Previous research underscores the significance of interparental conflict on children’s social-emotional development. Verbal and physical aggression (destructive conflict) have been associated with internalizing and externalizing symptoms, and decreased attachment security (Posada & Pratt, 2008). Yet parents vary in their approaches to conflict, with some using more constructive strategies (i.e., cooperation and resolution). Despite evidence indicating that the way parents handle conflict plays a role in children’s responses (Davies & Cummings, 1994), little is known about how conflict strategies relate to child-parent attachment relationships. Further, studies examining relations between conflict and children’s development have focused on school-age children and adolescents, although early childhood is a time of increased interparental conflict (Mitnick et al., 2009). Further, while parental sensitivity is a key predictor of children’s attachment security, these relationships exist within family systems comprised of several subsystems (e.g., interparental relationship). Examining how conflict strategies influence attachment security reveals mechanisms explaining interrelations between subsystems. Importantly, conflict may disrupt parental sensitivity (Margolin et al., 2004), suggesting that sensitivity may partially mediate the associations between conflict and child outcomes. We examine associations between interparental conflict strategies, parental sensitivity, and children’s attachment security in mother-child and father-child dyads during toddlerhood.

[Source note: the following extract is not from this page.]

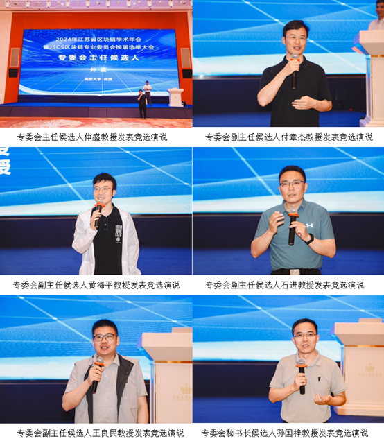 本次大会也开展了区块链专业委员会换届选举会议。换届选举大会由南京大学申富饶教授和南京审计大学景波教授主持,JSCS区块链专委会首届副主任委员孙国梓教授作工作报告。委员增选环节中增补委员16人,新申请委员19人。换届选举中仲盛教授再次当选第二届区块链专业委员会主任,南京信息工程大学付章杰教授、南京邮电大学黄海平教授、南京大学石进教授、东南大学王良民教授出任新一届专委会副主任,南京邮电大学孙国梓教授出任专委会秘书长,江苏知链科技有限公司总经理施亚东先生、江苏大学宋香梅副教授担任主委会副秘书长。会议还商定了新一届专委会执行委员名单。

A middle-class, nonclinical, sample of 66 triads (mother, father, child) participated. Children (50% female) were on average 29.21 months. Mothers were on average 31.59 years, while fathers were 33.22 years. Parents reported on their conflict strategies using the Conflicts and Problem-Solving Scales (Kerig, 1996). Parental sensitivity and children's attachment security were observed by independent observers across four visits: one home and one park visit each with mother and father. Sensitivity was measured using the Caregiving Behavior for Preschoolers Q-Set (Posada et al., 1998). Security was measured using the Attachment Q-Set (Waters, 1995). Composite sensitivity and security scores were computed by averaging park and home visit descriptions for each individual and correlating the description to the criterion sort for the ideally sensitive parent or secure child, respectively. See Table 1 for descriptives and correlations among key variables.
Main analyses employed two separate simultaneous equation models to examine associations between conflict, sensitivity, and security, for each parent (see figure 1). Maternal use of constructive and destructive conflict strategies was unrelated to either maternal sensitivity or security with mother. However, maternal sensitivity was a significant predictor of security with mother. Fathers’ constructive conflict strategies were unrelated to either paternal sensitivity or security with father. However, although destructive conflict strategies were not directly related to security with father, they were negatively related to paternal sensitivity and paternal sensitivity was positively related to security with father. Thus, results revealed a significant indirect pathway from paternal destructive conflict strategies to security with father through paternal sensitivity, (β = .15, p = .06). Findings suggest that while fathers’ sensitivity helps explain how paternal conflict strategies begin to influence attachment security in early life, this is not true for mothers. The need to examine multiple family relationships in context to best understand the quality of parental caregiving and children’s attachment security will be discussed.